[[ DATASET, beginning ]]
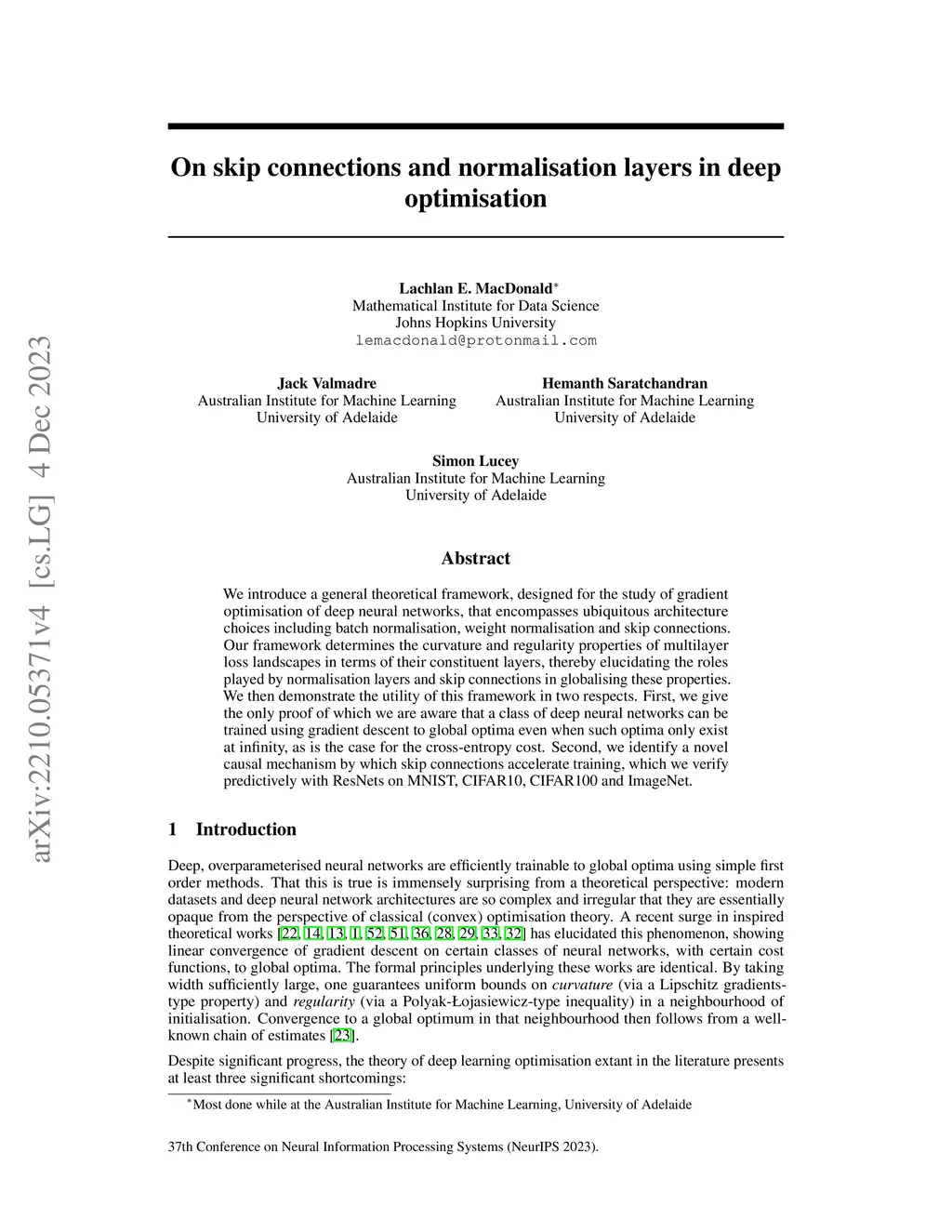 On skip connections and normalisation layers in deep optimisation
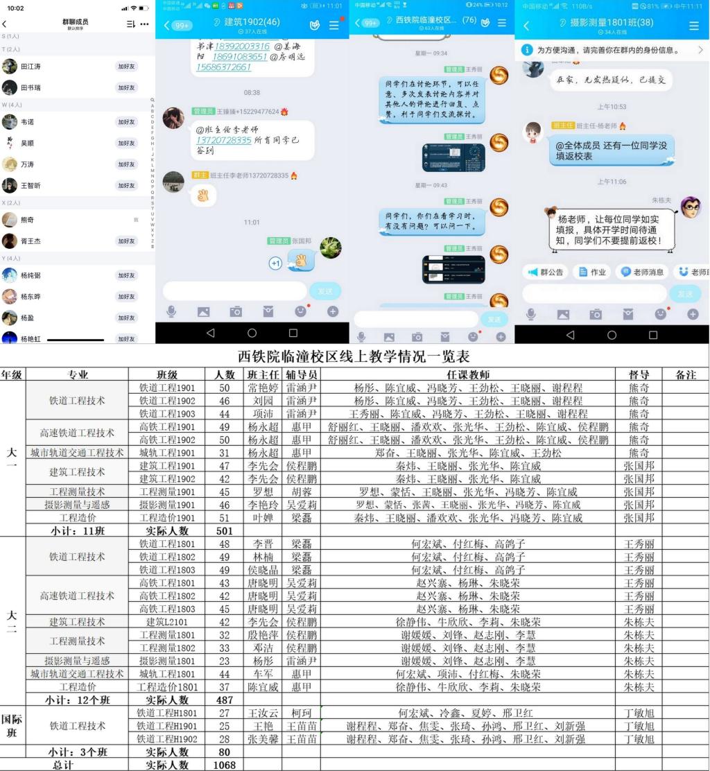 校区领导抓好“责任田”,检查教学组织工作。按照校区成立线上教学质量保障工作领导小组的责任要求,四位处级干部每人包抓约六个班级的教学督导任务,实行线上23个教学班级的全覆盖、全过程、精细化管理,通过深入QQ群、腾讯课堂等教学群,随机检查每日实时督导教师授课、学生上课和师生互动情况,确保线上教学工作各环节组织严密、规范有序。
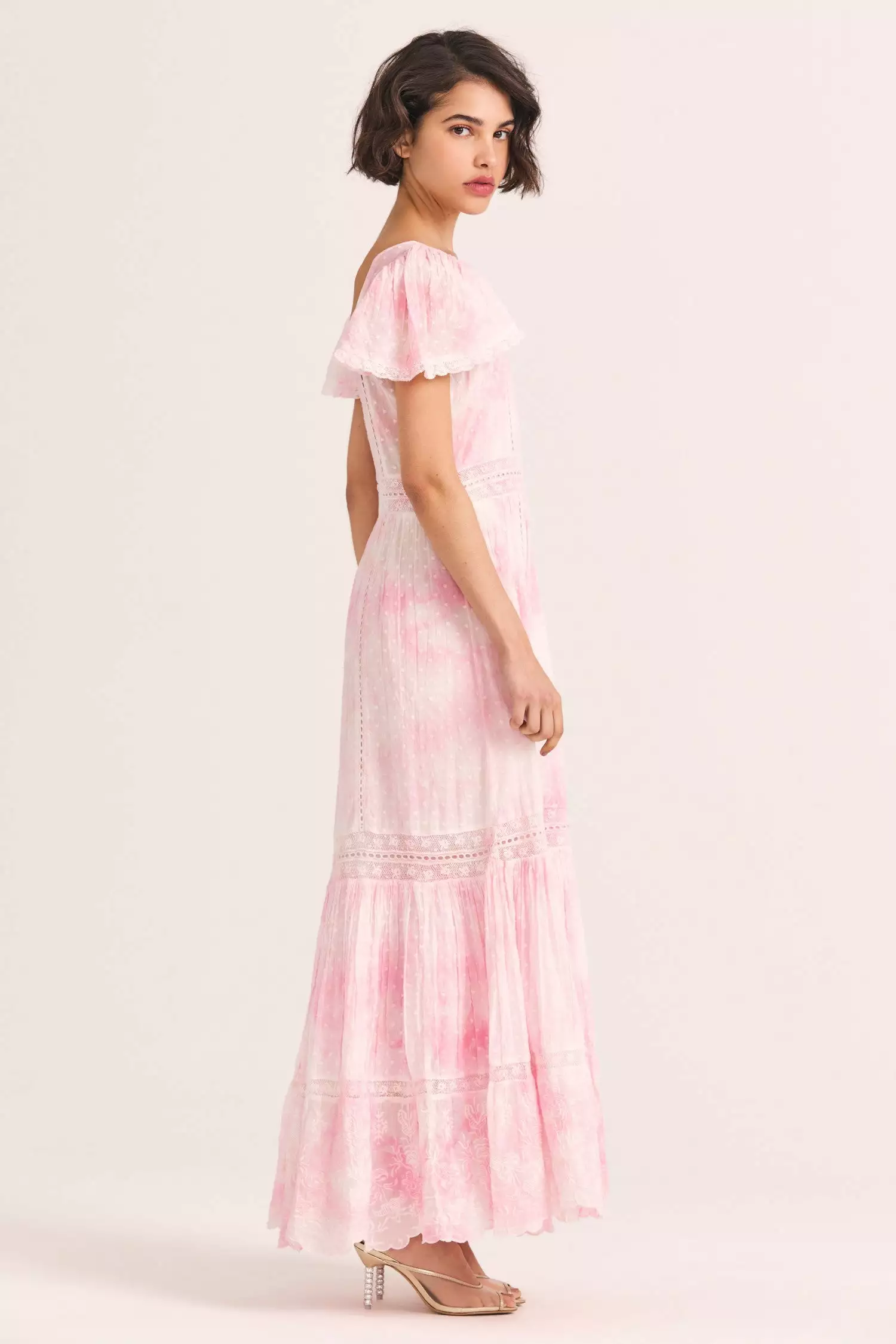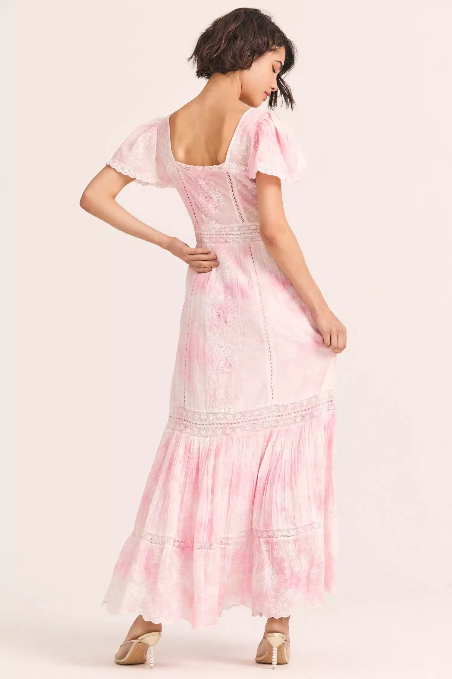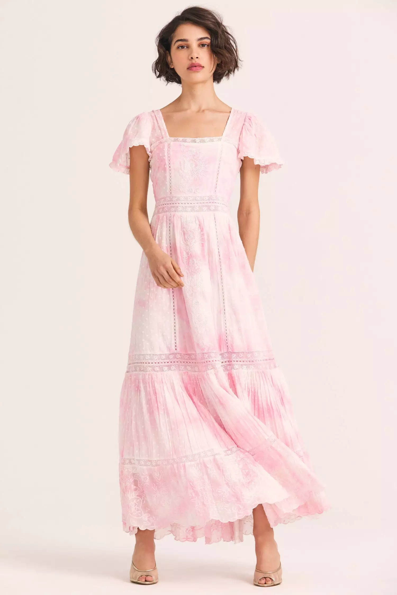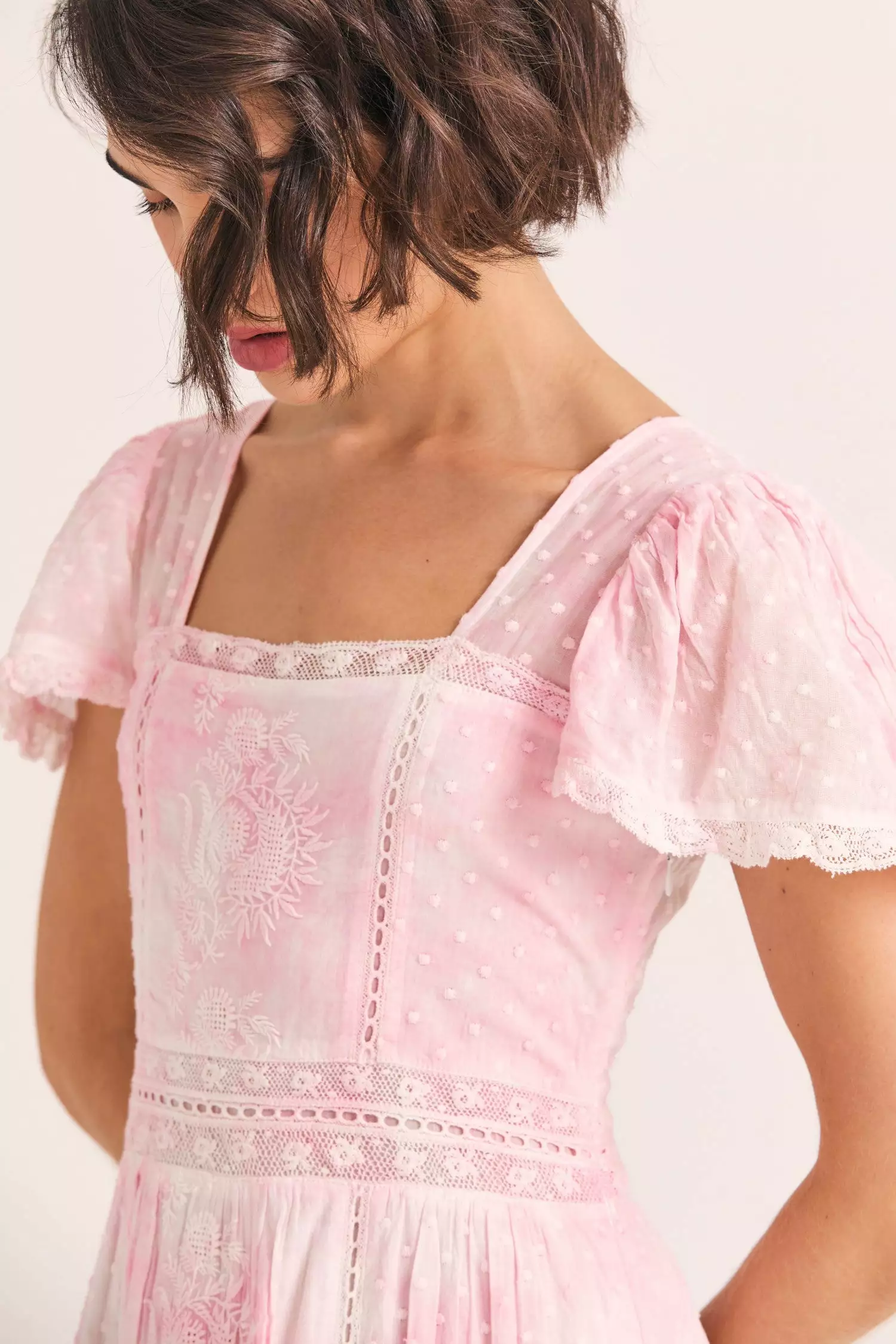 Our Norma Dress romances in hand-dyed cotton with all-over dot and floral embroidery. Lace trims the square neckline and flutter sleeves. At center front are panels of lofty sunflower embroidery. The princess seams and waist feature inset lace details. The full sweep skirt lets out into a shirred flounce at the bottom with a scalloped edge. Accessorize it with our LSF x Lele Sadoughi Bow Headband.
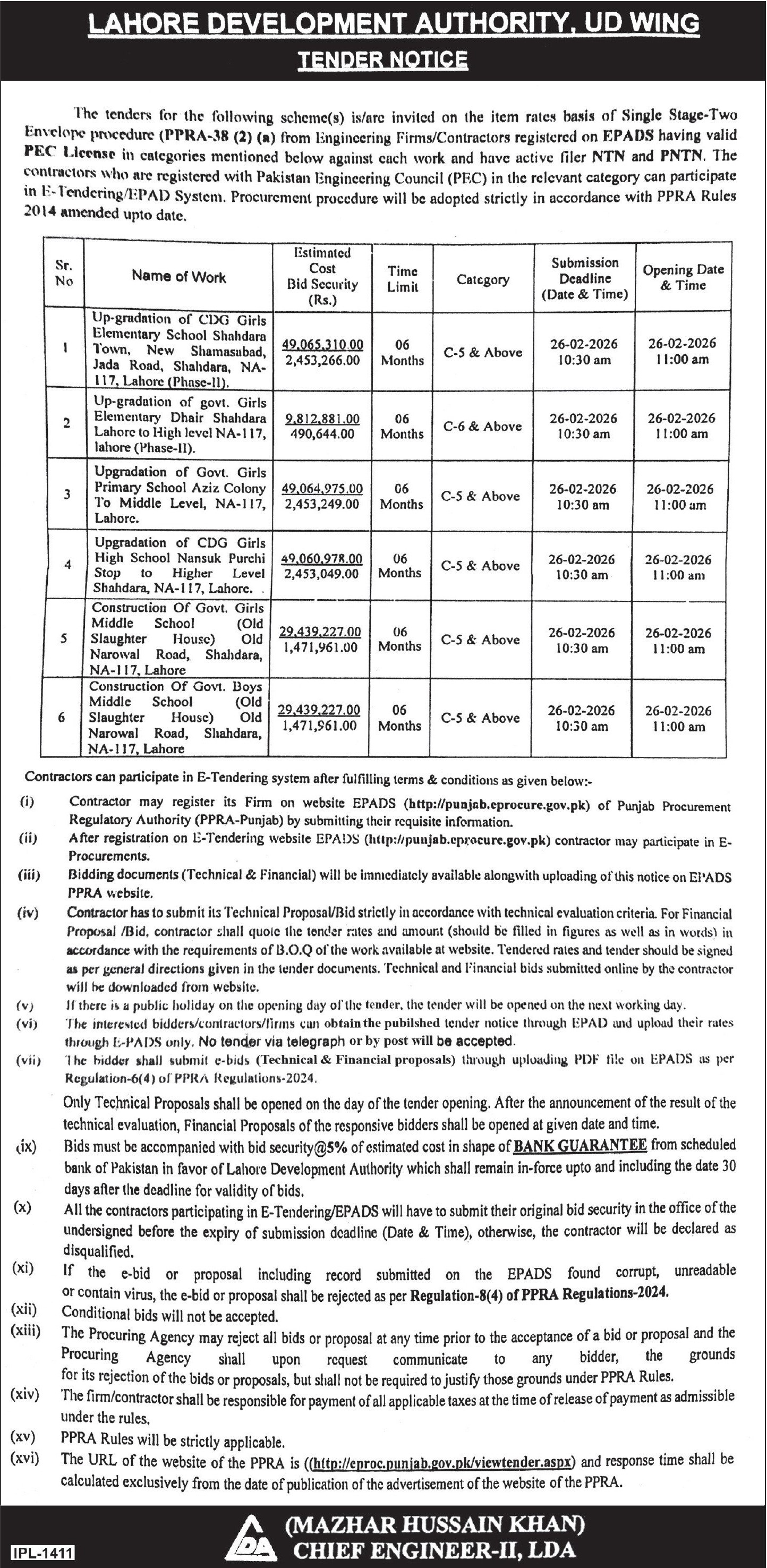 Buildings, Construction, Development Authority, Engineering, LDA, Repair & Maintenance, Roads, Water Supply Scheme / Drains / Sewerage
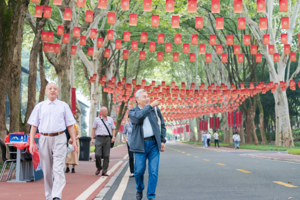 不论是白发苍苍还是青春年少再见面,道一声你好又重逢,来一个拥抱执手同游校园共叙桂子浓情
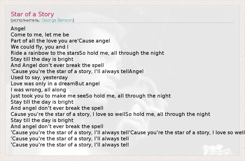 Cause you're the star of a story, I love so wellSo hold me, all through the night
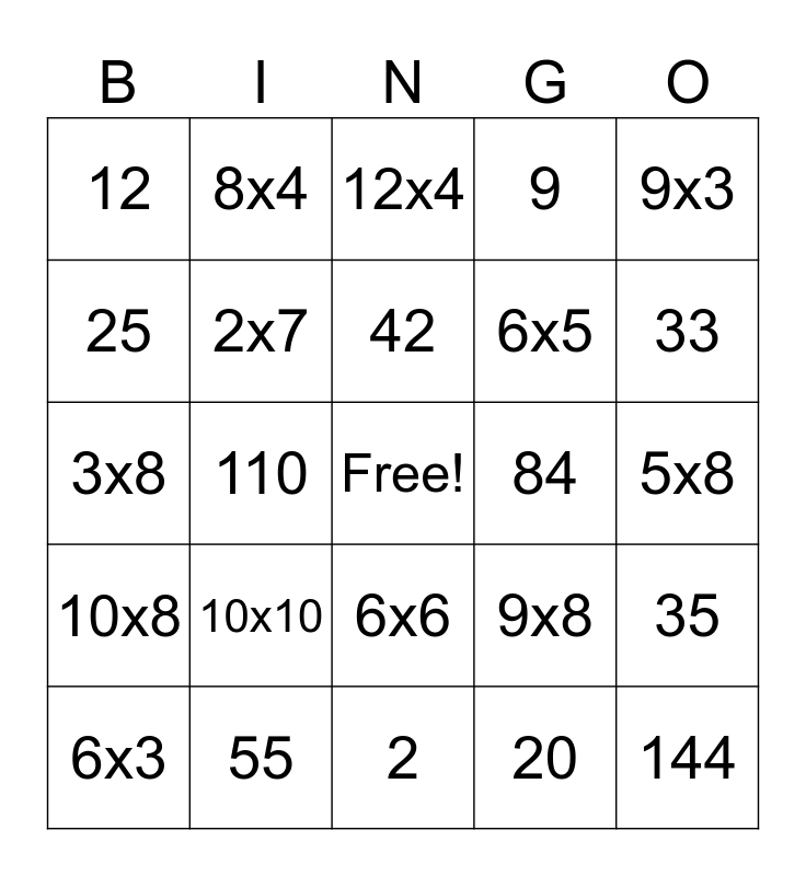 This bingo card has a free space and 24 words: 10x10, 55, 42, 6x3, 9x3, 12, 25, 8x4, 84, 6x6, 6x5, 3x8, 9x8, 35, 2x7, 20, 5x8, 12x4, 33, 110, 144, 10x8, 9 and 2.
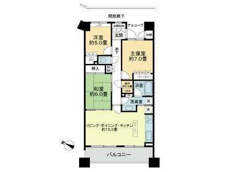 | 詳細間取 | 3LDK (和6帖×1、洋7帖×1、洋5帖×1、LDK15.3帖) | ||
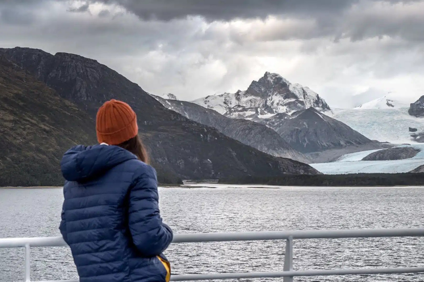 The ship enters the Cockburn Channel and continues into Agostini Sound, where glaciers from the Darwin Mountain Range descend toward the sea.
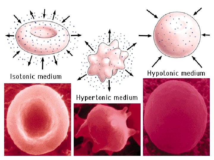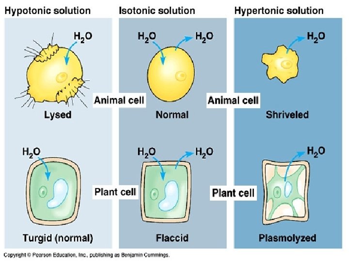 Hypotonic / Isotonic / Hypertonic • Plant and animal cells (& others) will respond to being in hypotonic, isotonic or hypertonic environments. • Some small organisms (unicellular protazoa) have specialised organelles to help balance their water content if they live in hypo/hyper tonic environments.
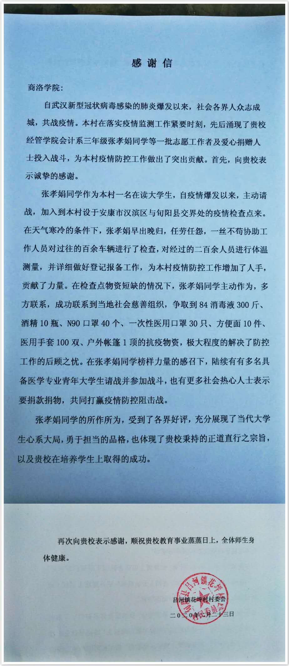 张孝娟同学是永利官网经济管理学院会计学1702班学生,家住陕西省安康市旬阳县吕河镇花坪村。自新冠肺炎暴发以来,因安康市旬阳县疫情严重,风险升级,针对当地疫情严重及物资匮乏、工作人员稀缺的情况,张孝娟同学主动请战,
[[ DATASET, end ]]
Leaving all pictures out, output exactly the lines of the material above from the line with "This bingo card" to the line with "The ship enters", both included.

 This bingo card has a free space and 24 words: 10x10, 55, 42, 6x3, 9x3, 12, 25, 8x4, 84, 6x6, 6x5, 3x8, 9x8, 35, 2x7, 20, 5x8, 12x4, 33, 110, 144, 10x8, 9 and 2.
 | 詳細間取 | 3LDK (和6帖×1、洋7帖×1、洋5帖×1、LDK15.3帖) | ||
 The ship enters the Cockburn Channel and continues into Agostini Sound, where glaciers from the Darwin Mountain Range descend toward the sea.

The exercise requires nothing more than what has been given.